O período seguinte, relativo ao desenvolvimento da matemática elementar, envolve mudanças significativas em âmbito social, cultural, econômico, político, etc. que compreende o contexto da Europa Medieval e Renascimento. Nesse momento, a atividade matemática voltou-se para a (re)significação dos conhecimentos acumulados ao longo dos séculos anteriores e o esforço em atender as demandas do nascimento de uma sociedade capitalista. Aqui aparecem necessidades ligadas a novos entendimentos sobre os infinitésimos e de novas interpretações do movimento, com o devido destaque para o germe de criação da Geometria Analítica com Fermat e Descartes.

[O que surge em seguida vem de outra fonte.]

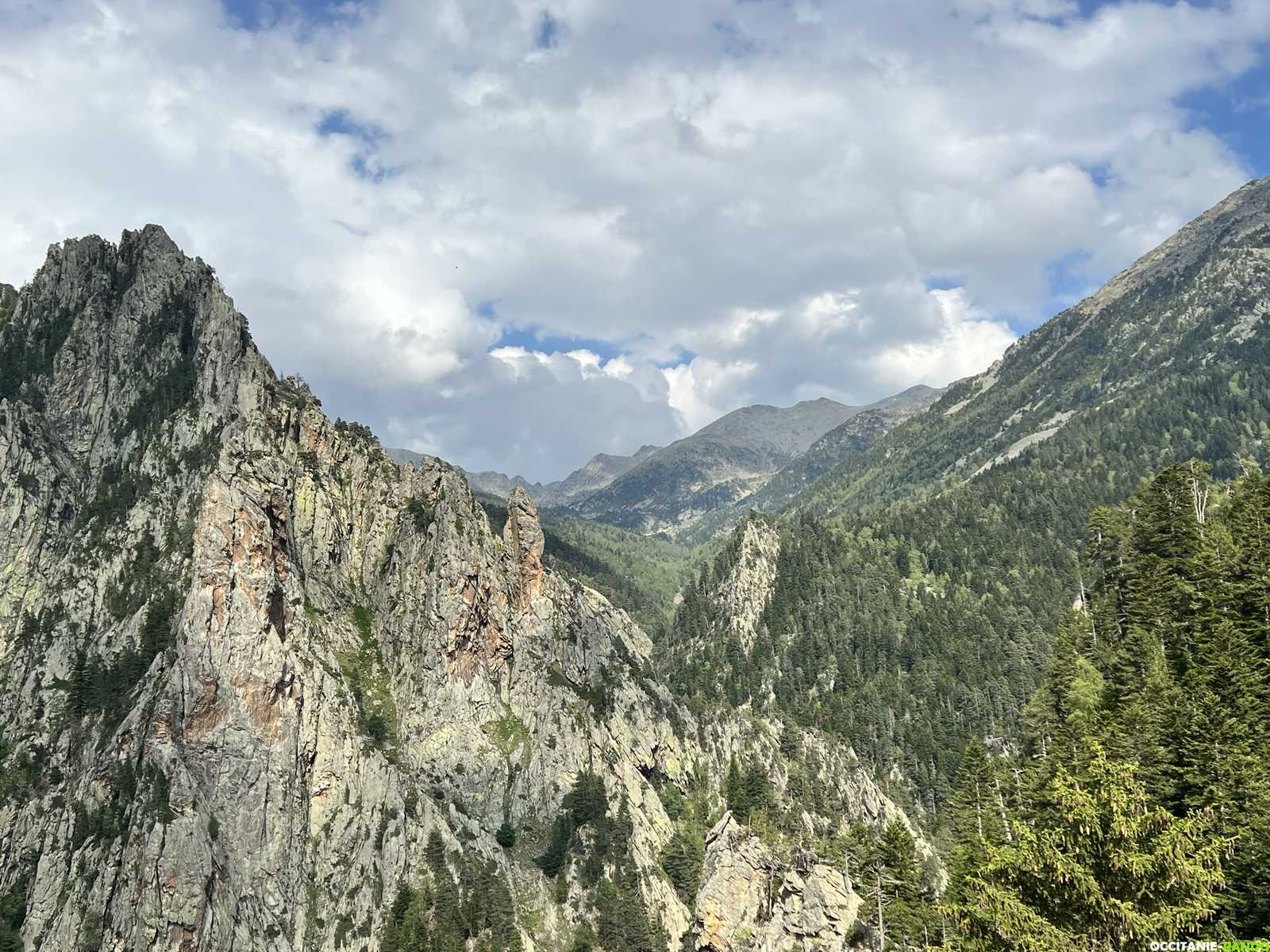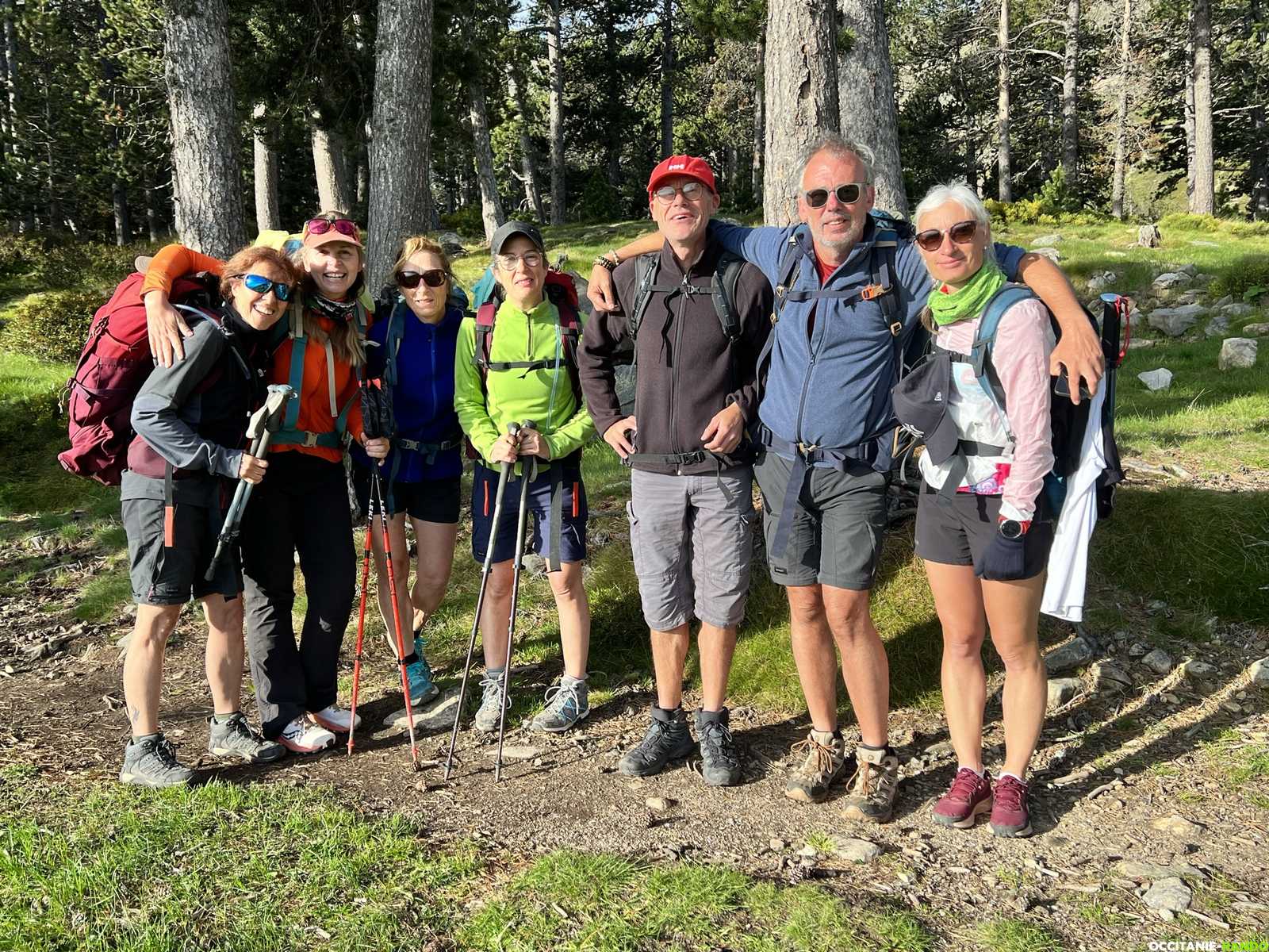 Après une très bonne soirée au refuge des Cortalets, nous démarrons la rando à 8h pour rejoindre le refuge de Batère. Au programme une petite bouclette supplémentaire pour corser un peu la journée. La boucle plonge direct sur Els Masos, longue, très longue descente en forêt avant de pique-niquer au bord d’un ruisseau. Là, après le déjeuner, il faut tout remonter sur le versant d’en face. Tout aussi long et éreintant . Les visages sont marqués et ça grimace un peu .

Já no período de formação de uma matemática das variáveis, o que se percebe é o aprofundamento das questões sobre o movimento com o destaque para a criação do Cálculo Diferencial e Integral com Newton e Leibniz. Esse período tem como aspecto central a construção de uma teoria que relaciona os métodos integrais e diferenciáveis, que possuem em sua égide o início de desenvolvimento da análise infinitesimal. Estes feitos revolucionaram o universo da matemática e serviram de combustível para a construção de uma matemática moderna, ou melhor, mais próxima dos dias atuais.

O período de construção da matemática moderna se consolida a partir do acirramento das relações de uma sociedade capitalista com a revolução industrial. Nesse contexto, o que se percebe é o estabelecimento de uma complexa organização social e econômica que exige cada vez mais do progresso da ciência como elemento fundamental para o progresso capitalista. Assim, a atividade de produção matemática se modifica e passa a se estabelecer como fim em

si mesma, estabelecendo condições objetivas favoráveis para o desenvolvimento da análise infinitesimal. Neste período o esforço coletivo se volta para a formalização dos diversos campos da matemática, com o objetivo de superar os desvios (ou incongruências) causados pelo pensamento intuitivo das teorias anteriores. O resultado foi a construção formal de conceitos elementares como Função, Limite, Números Reais e, entre eles, a Continuidade.

Portanto, a efetivação de uma análise histórico-epistemológica da Continuidade envolveu uma complexa significação de séculos de produção intelectual que tem em sua essência uma rede de aprofundamento e definições de outros conceitos a ela relacionados. Isso nos fornece elementos indicativos necessários para o estabelecimento dos nexos conceituais a serem abordados em sala de aula.

Antes de nos atermos sobre os nexos, é importante ressaltar que o destaque dos extratos a partir das obras historiográficas analisadas contribuíram para a revelação de elementos tensionadores importantes para a composição da análise. Como dito no início desta seção, tais elementos se constituíram como fontes reveladoras das necessidades na produção do conhecimento. Certamente servem como ponto de partida tanto para a determinação dos nexos conceitos, como também para a elaboração de situações desencadeadoras da aprendizagem na organização do ensino.

Também foi dito anteriormente que a intenção deste capítulo não se configurava na elaboração de uma perspectiva historiográfica. Apesar de, em muitos momentos, nos aproximarmos de narrativas históricas, retomamos o objetivo deste capítulo cujo foco está centrado na identificação de relações essenciais no desenvolvimento da Continuidade que apontam para a determinação dos nexos conceituais.

Como resultado dessa análise, pôde-se perceber que as relações essenciais no desenvolvimento da Continuidade apontam para os seguintes nexos conceituais, divididos em pares dialéticos: comensurável/incomensurável, contínuo/discreto, infinito/infinitésimos, permanência/variabilidade, pontual-geral e rigor-intuição. Dessa forma, no capítulo a seguir discutiremos com certa profundidade os elementos resultantes da análise realizada e que compõe cada um destes nexos apontados.